The Battle of Tours was certainly significant: Charles Martel turned back the Muslim army which had been flooding across France.

The fighting around Vienna was also significant: the defending Europeans stopped the Islamic advance into eastern Europe.

Colin Thubron offers a third option. The big turning point might have happened in the Mediterranean, at Malta and at Lepanto. To understand the military actions at those two places, a bit of background is necessary. The setting takes place between

1565 and 1571, when the Ottoman Turks pushed westward across the Mediterranean. Their empire was then at its height. They had absorbed Egypt and almost the whole North African littoral; to the east they were battering on Persia, to the north threatening Vienna. Over the Mediterranean itself — ancient Rome’s “center of the world” — the imperial Turkish navies and their corsair auxiliaries were spreading terror down the coasts of Italy and even Spain. But lying strategically across their path, in a pendant below Sicily, was the tiny island of Malta.

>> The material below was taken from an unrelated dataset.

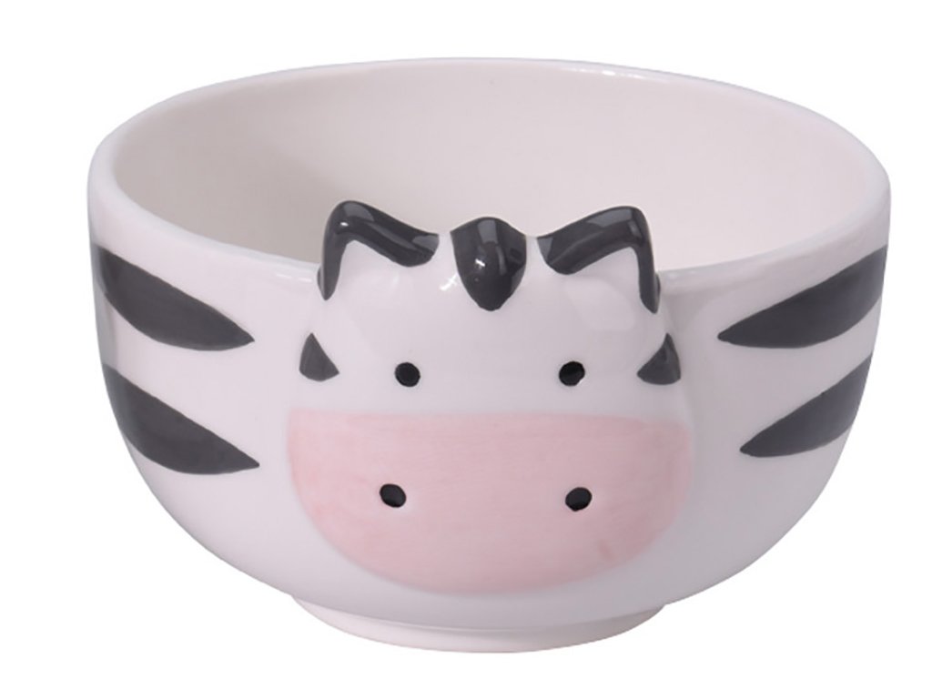 Dětská keramická miska s motivem zvířátka. Zajímavým detailem jsou ouška zvířátek přesahující okraj misky.

From Malta “the Knights of St. John, soldier-monks” offered resistance to the Muslim navies.

In those years, Islam had expanded westward across the Mediterranean; the Muslim navies attacked the coasts of Italy and Spain.

Malta was one small point of resistance, a place which refused to allow Islamic armies to invade and occupy.

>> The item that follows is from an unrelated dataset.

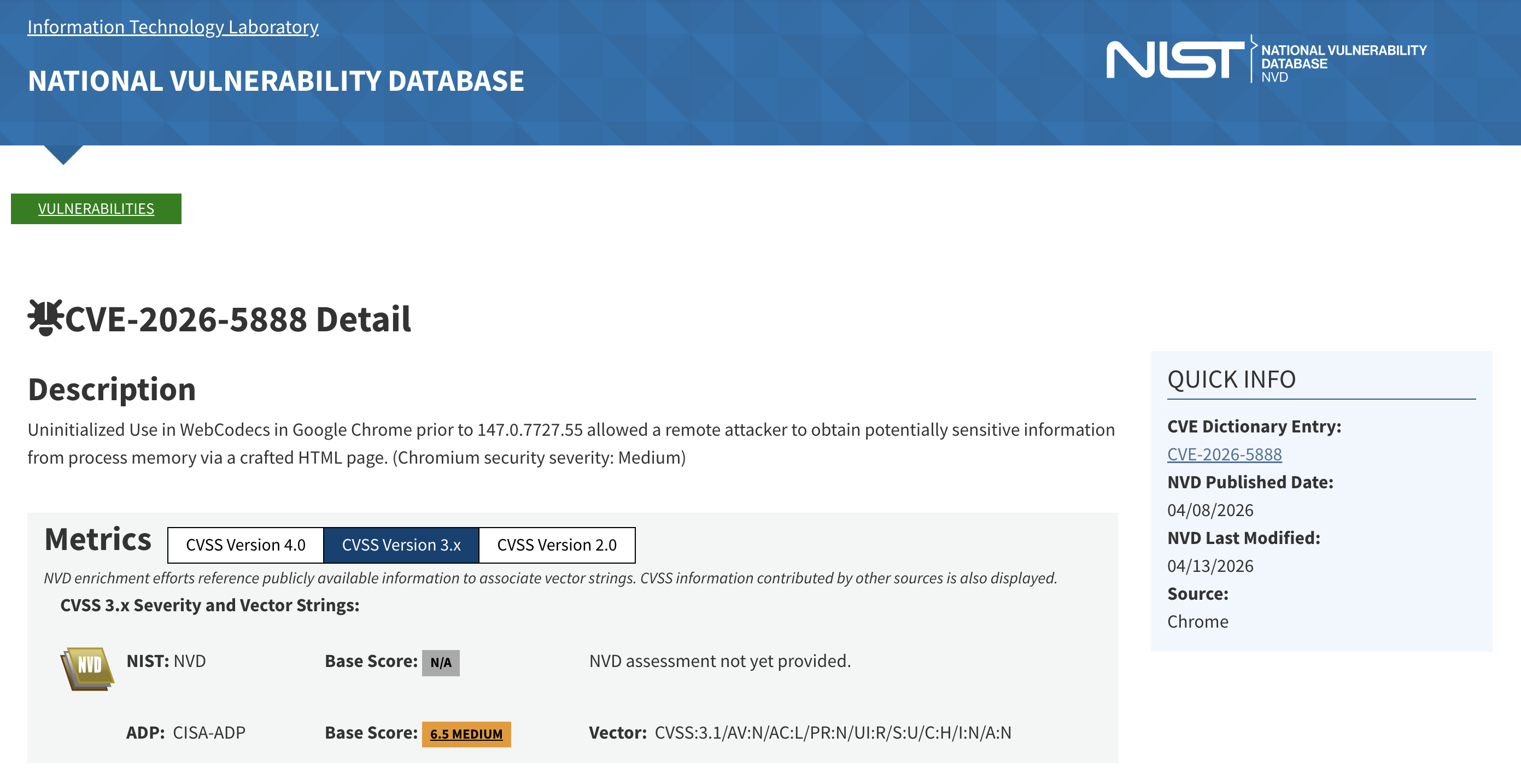 Chromium: CVE-2026-5888. Octane found a heap disclosure in WebCodecs, reachable through VideoFrame.copyTo(codedRect). A malicious page could request a pixel copy using a rectangle that exceeded the frame's legitimate bounds and receive, in return, uninitialized bytes from renderer memory that JavaScript was never intended to see. The bug was reported to Google's Bug Hunters Chrome Vulnerability Report Program, triaged at P2/S2, and is now fixed.

The great turning-point in the Mediterranean may have happened at two points of resistance: Lepanto and Malta.

Malta’s survival of the great Ottoman siege in 1565 was to become one of the redemptive epics of Christendom. And a greater one was to follow. In 1571 the western Mediterranean powers — Spain, Venice, the Papacy — united at last in fear, put an end to Turkish maritime expansion at the horrifying Battle of Lepanto.

The Muslim siege on Malta in 1565 and the Muslim attack at Lepanto in 1571 were two major military offensives. Again the Europeans were outnumbered and on the defensive. Their survival showed that Europe refused to collapse in the face of attacking Muslim troops.